Even with all its accounting legerdemain, Fannie's losses are an accelerating horror show, with
shareholders losing $1.5 billion in 07Q3 and $3.7 billion in 07Q4. Those losses are just the beginning.
As shareholder capital gets wiped, the government will have no choice but to seize the company and
place it in conservatorship or receivership. Importantly, mortgage-backed security holders guaranteed
by Fannie Mae will see no losses. The government will likely allow debt holders to fare okay, with either
no or token losses, perhaps 1%.
Shareholders, both common and preferred, are likely to be left with nothing. However, these
shareholder losses have already been locked in by the company's credit decisions over the past few
years and cannot be helped. It must be remembered that Fannie is the biggest mortgage risk holder in
the biggest mortgage crisis.
A fully government-owned guarantor of mortgage debt might be exactly what is called for given the
current housing crisis.

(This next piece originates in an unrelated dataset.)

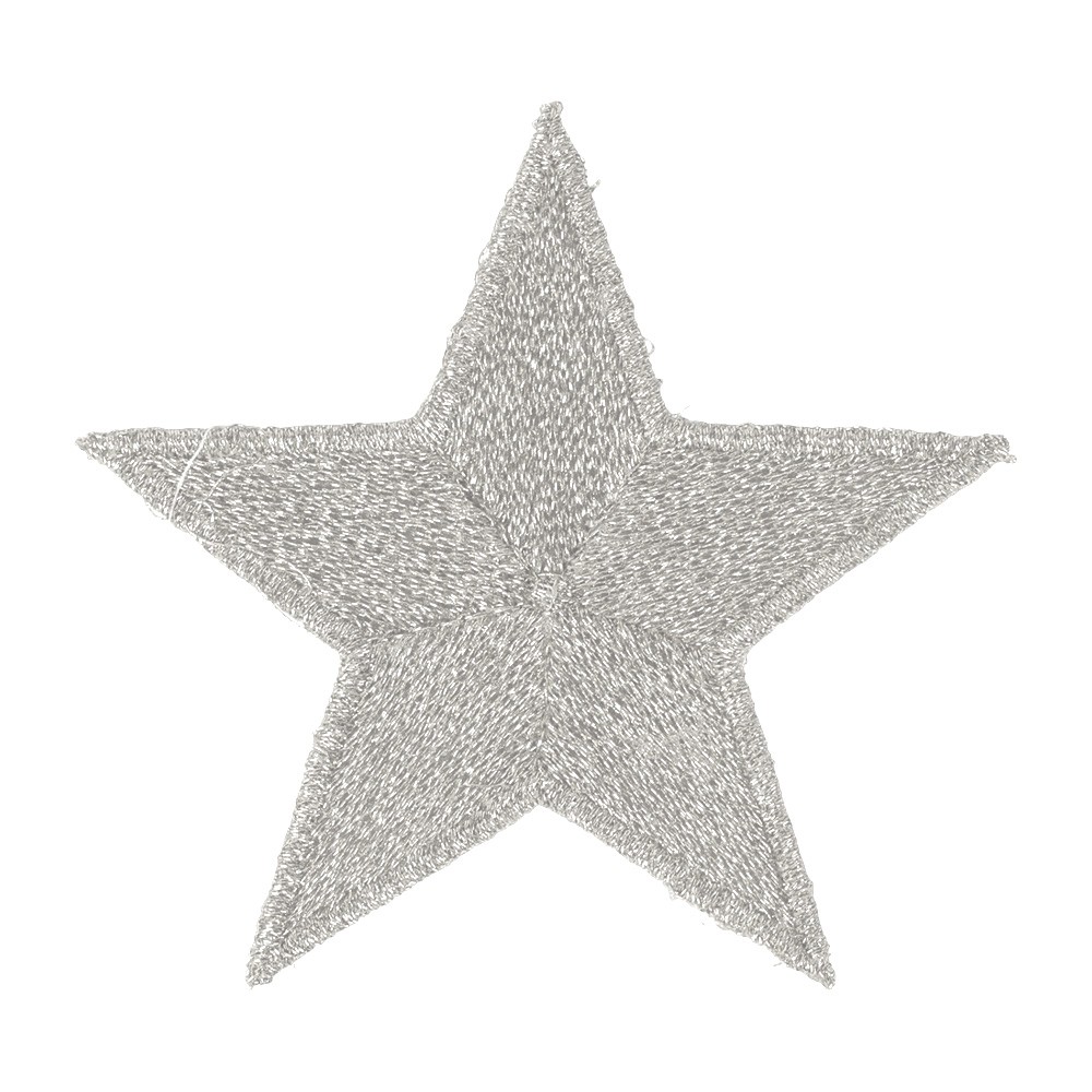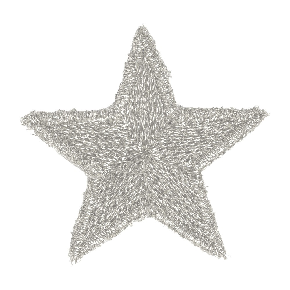 Stella 5 punte ricamata a macchina con filo metallico argento.
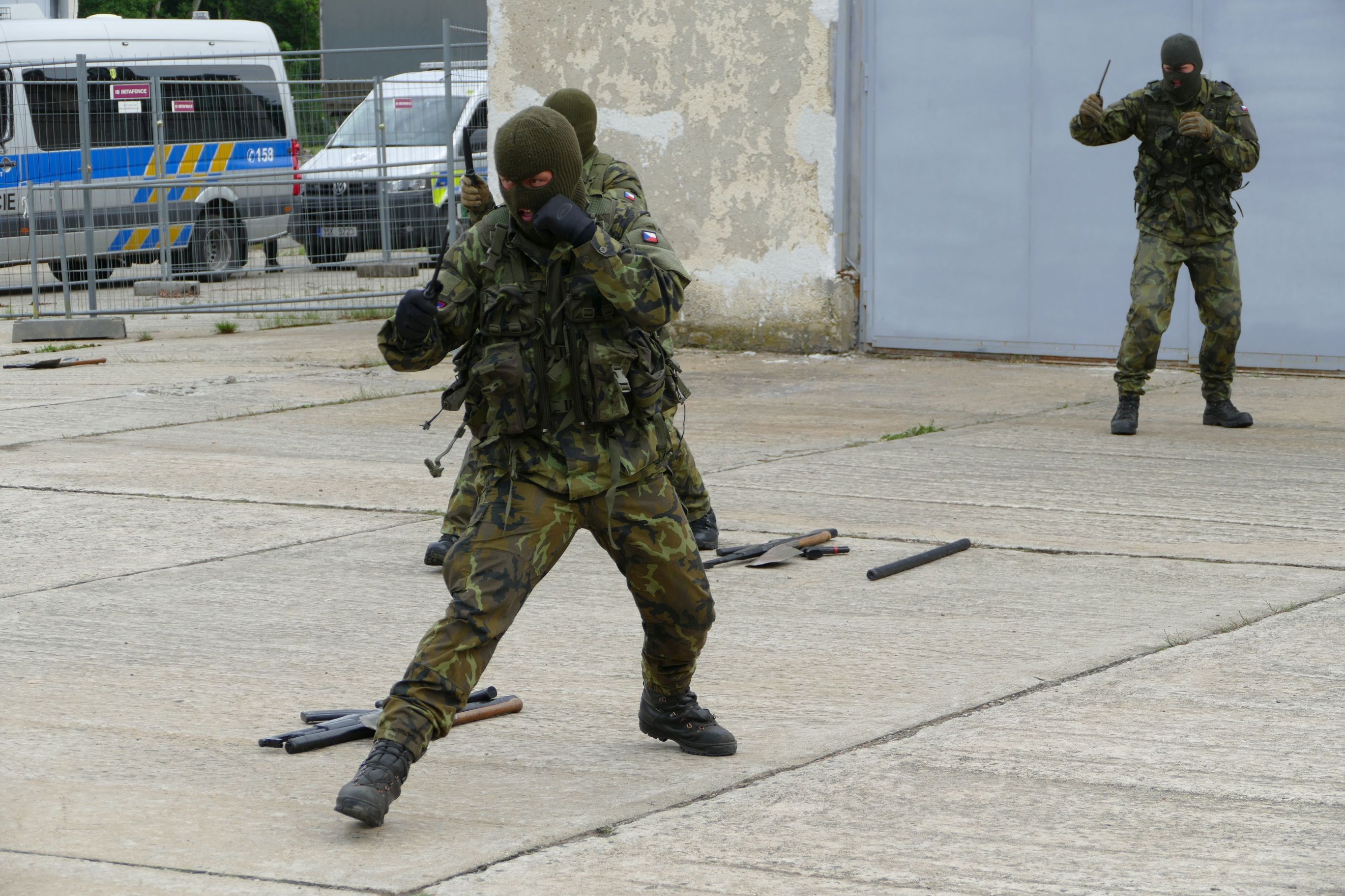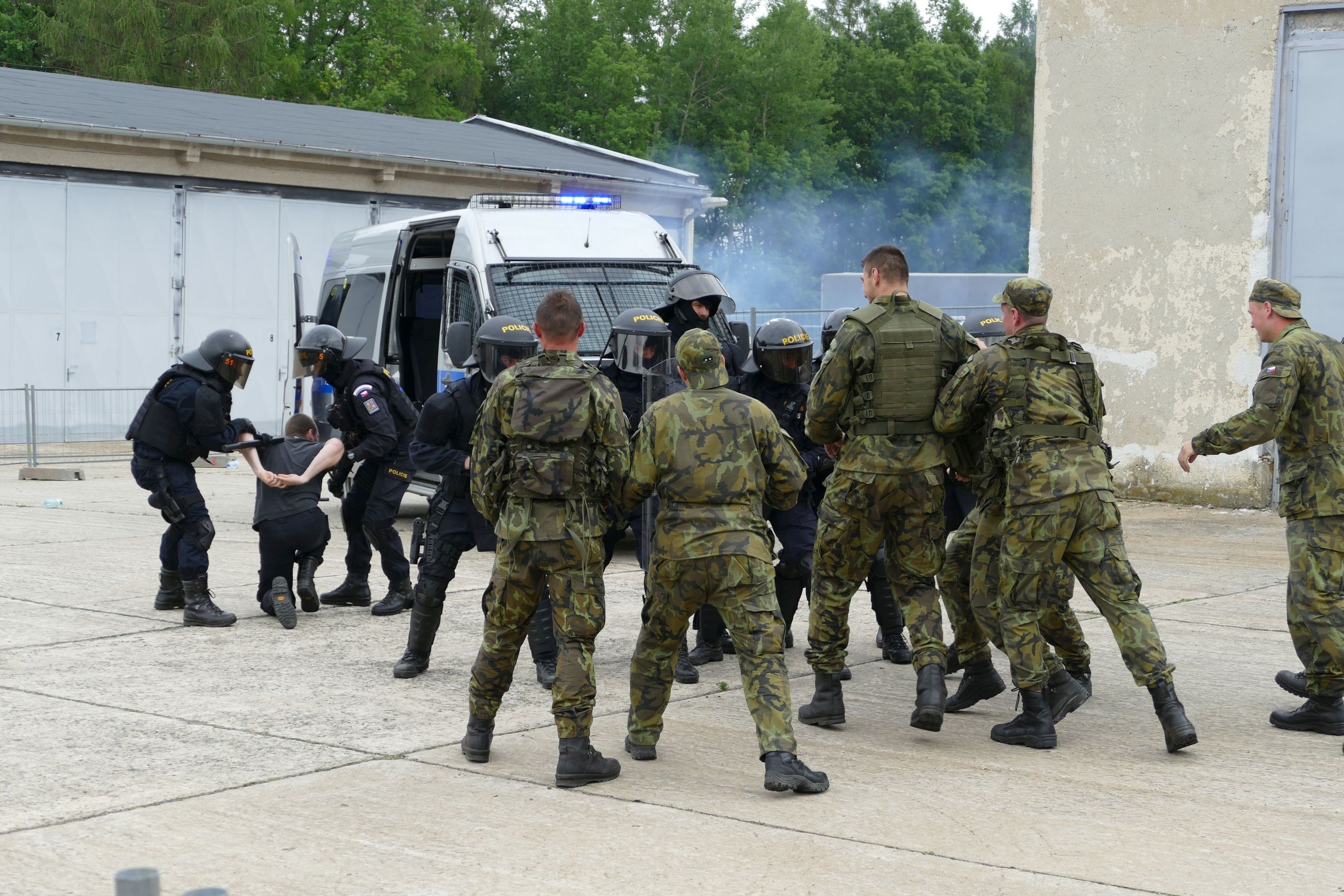 Zcela na závěr proběhla ukázka postupu pořádkové policie proti agresivním výtržníkům. Roli desperátů sehráli místní dělostřelci. Na místo dorazilo zásahové vozidlo středočeské policie. Skupina těžkooděnců zahájila předepsaný postup eliminace agresivní tlupy. Použila k tomu kromě donucovacích prostředků také pyrotechniku se zvukovými efekty. Následná potyčka přinesla velké překvapení. Děti shromážděné kolem prostoru ukázky nepochopily, že vojáci jsou v tomto případě na špatné straně a začaly je skandováním podporovat proti zasahujícím policistům. Ti se však nedali zmást. V klubku výtržníků záhy nalezli vůdčí osobnost. Provedli jeho zajištění a akci dovedli do úspěšného konce.

While various proposals have been floated to expand the FHA to meet this role, it
has neither the infrastructure nor the expertise to address the broader mortgage market. A nationalized
Fannie Mae would be refocused to directly address the various problems of illiquidity, affordability, and
sustainability in the mortgage market. Without the need to satisfy a fiduciary duty to shareholders,
Fannie might finally be able to perform its affordable housing mission in a helpful and proactive manner.